Former President Richard Nixon died in 1994. “Tricky Dick” was a complicated guy – sort of like that friend of yours who you want to like but they keep doing self-destructive things. We lost Jackie Kennedy Onassis, the crown jewel of American royalty whose style and grace taught a generation of women how to be elegant without speaking. She had more Grace Kelly in her pinky than Kim Kardashian has in her entire trunk.

Yup, 1994 was a good year. Mostly because, you showed up. We smiled at every gurgle and wondered whether it was a real smile or just gas. We gladly took you everywhere because we did not want to miss a thing. Along the way, a lot changed.  Everything started moving – fast.  Economic bubbles burst and the world got hot, flat and crowded. Terrorists showed up. Technology made everything real time and changed the social contract we had with life where we had always just assumed everything would be there when we wanted it and that we could step off of the merry-go-round whenever we felt queasy.

But you made it all worth our while. Yes, that “whump, whump, whump” over you was not a South Central LAPD helicopter, it was us. You were raised under our constant surveillance and as such, had a harder time doing great things or blowing it.  You had to mislead you into thinking you had done great things so you would not try to sneak out at night.  You did anyway.  You learned the consequences of adolescent screw ups were now a lot more severe and that rumors that once moved like molasses could become viral scandals that could ruin your reputation faster than a fat man chasing an ice cream truck.

A few tips;

Make a gratitude list every day; learn how to delay your own gratification; don’t apologize for being American; find a hero; read Michael Lewis’ Boomerang, Hayek’s The Road To Serfdom and Ayn Rand’s Atlas Shrugged.
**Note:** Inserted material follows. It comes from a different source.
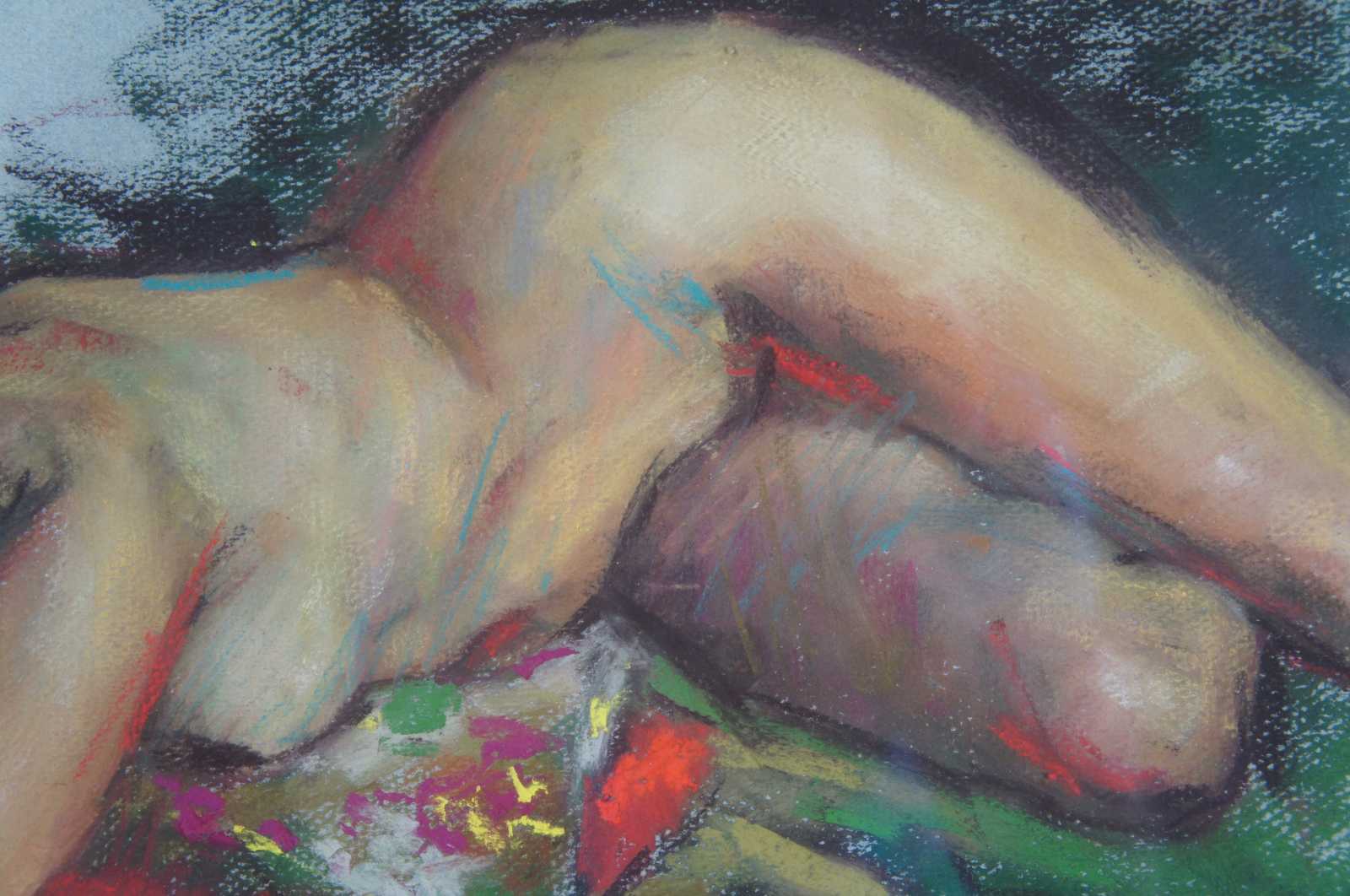 Pastel drawing by Daniel Greene titled Reading, circa 1960s – portraying a nude woman reclinging on pillows and reading a book. BIO: Daniel Greene is a leading pastelist and oil painter who is known for his portrait commissions which hang in the White House, the Smithsonian and the Metropolitan Museum of Art as well as his paintings in series such as the New York subway series, the auction series and the series of drinking glasses. Greene dropped out of high school in Cincinnati and traveled to Miami where he stayed with relatives and made money selling pastel portraits on the street in order to save up for art school. Years later after he attended the Art Students League in New York City, he taught there and at the National Academy of Design. A renowned teacher he continues to give workshops and produce videos. He has written two books, "Pastel" and "The Art of Pastel" which are highly regarded in the field. In 1983, he was the first living artist inducted into the Pastel Hall of Fame. He also received the John Singer Sargent Award for lifetime excellence in portraiture and the Medal of Honor from the Portrait Society of America. He has won Gold Medals from both the Portrait Society of America and and the Salmagundi Club. In May 2003, he conducted the Grand Opening Demonstration at the International Association of Pastel Societies.

Watch a western and allow yourself to disappear into the mythology of what made America great. Remember there are still endless possibilities in the world – you just may need to ride your horse a little further south to find them. Our gift to you was life, what you make of it will be your gift to us. Be happy. Be kind. Always go for the guy’s nose in an alley fight. Learn how to do a good job even when you do not like what it is you are doing. Clean out your closets. We don’t want to see you on Hoarders.  That would really embarrass your mother.

Remember, you are today’s special but every day the menu changes. Stay strong, have fun and don’t ruin your chances for public office at your first college party. We need someone in Congress who will be looking out for us when we are wandering around town looking for our missing bag of string.